_Work required_.
Copy out exactly the stretch below, from the line with "Home > Products" through the line with "現在慢性副鼻腔炎の約半分は好", both included; the pictures stay out.

_Extracted data_.
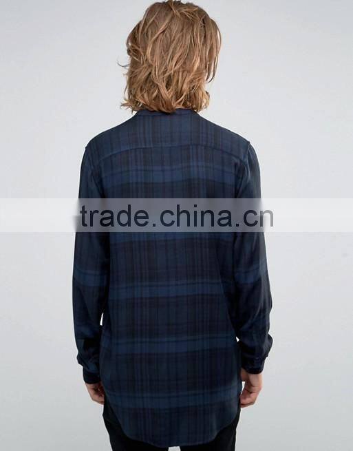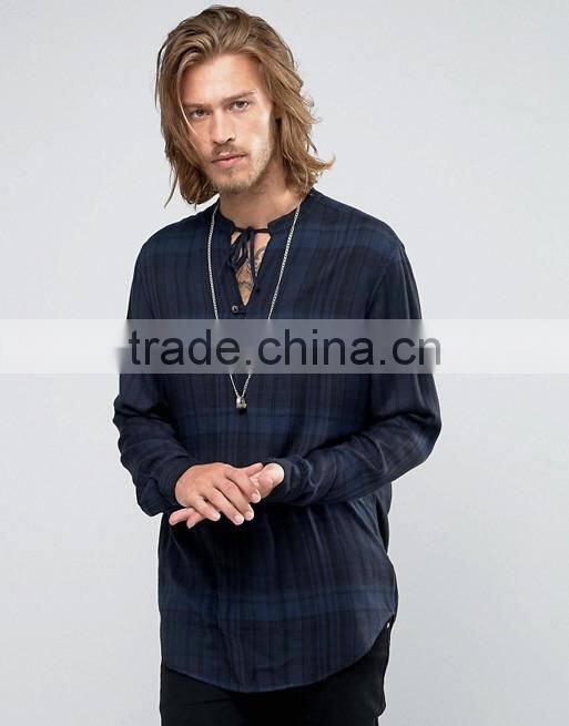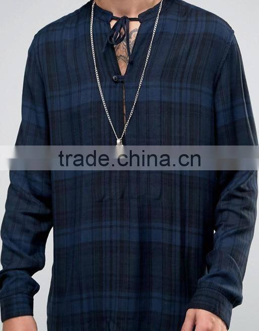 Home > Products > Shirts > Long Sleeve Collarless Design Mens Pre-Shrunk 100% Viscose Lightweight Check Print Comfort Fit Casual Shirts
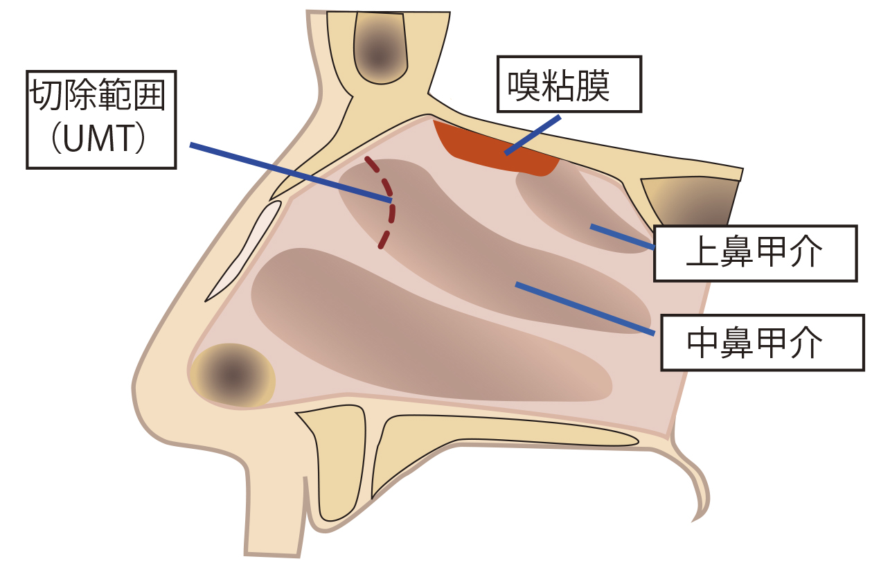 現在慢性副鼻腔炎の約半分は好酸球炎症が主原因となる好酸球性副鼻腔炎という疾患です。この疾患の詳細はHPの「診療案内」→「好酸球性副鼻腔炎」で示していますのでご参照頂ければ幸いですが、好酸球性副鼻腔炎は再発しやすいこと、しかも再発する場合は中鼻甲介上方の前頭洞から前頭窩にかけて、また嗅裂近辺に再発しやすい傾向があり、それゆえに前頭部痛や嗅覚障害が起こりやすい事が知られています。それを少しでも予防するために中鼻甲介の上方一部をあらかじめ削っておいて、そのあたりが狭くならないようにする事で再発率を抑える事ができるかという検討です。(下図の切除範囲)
--
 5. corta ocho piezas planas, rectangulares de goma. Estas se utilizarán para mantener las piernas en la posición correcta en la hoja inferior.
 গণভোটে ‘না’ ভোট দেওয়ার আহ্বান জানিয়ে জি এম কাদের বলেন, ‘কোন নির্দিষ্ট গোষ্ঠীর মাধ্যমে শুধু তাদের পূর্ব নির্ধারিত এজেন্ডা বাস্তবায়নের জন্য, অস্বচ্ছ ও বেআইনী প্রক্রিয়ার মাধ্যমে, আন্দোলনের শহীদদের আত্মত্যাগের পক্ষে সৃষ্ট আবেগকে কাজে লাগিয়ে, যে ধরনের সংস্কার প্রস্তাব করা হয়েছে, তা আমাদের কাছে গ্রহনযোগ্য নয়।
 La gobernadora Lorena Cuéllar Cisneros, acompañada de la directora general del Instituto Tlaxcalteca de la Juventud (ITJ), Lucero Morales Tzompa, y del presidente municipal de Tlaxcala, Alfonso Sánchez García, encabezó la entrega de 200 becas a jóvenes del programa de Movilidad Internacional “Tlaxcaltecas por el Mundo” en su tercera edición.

_Exercise solution_.
 Home > Products > Shirts > Long Sleeve Collarless Design Mens Pre-Shrunk 100% Viscose Lightweight Check Print Comfort Fit Casual Shirts
 現在慢性副鼻腔炎の約半分は好酸球炎症が主原因となる好酸球性副鼻腔炎という疾患です。この疾患の詳細はHPの「診療案内」→「好酸球性副鼻腔炎」で示していますのでご参照頂ければ幸いですが、好酸球性副鼻腔炎は再発しやすいこと、しかも再発する場合は中鼻甲介上方の前頭洞から前頭窩にかけて、また嗅裂近辺に再発しやすい傾向があり、それゆえに前頭部痛や嗅覚障害が起こりやすい事が知られています。それを少しでも予防するために中鼻甲介の上方一部をあらかじめ削っておいて、そのあたりが狭くならないようにする事で再発率を抑える事ができるかという検討です。(下図の切除範囲)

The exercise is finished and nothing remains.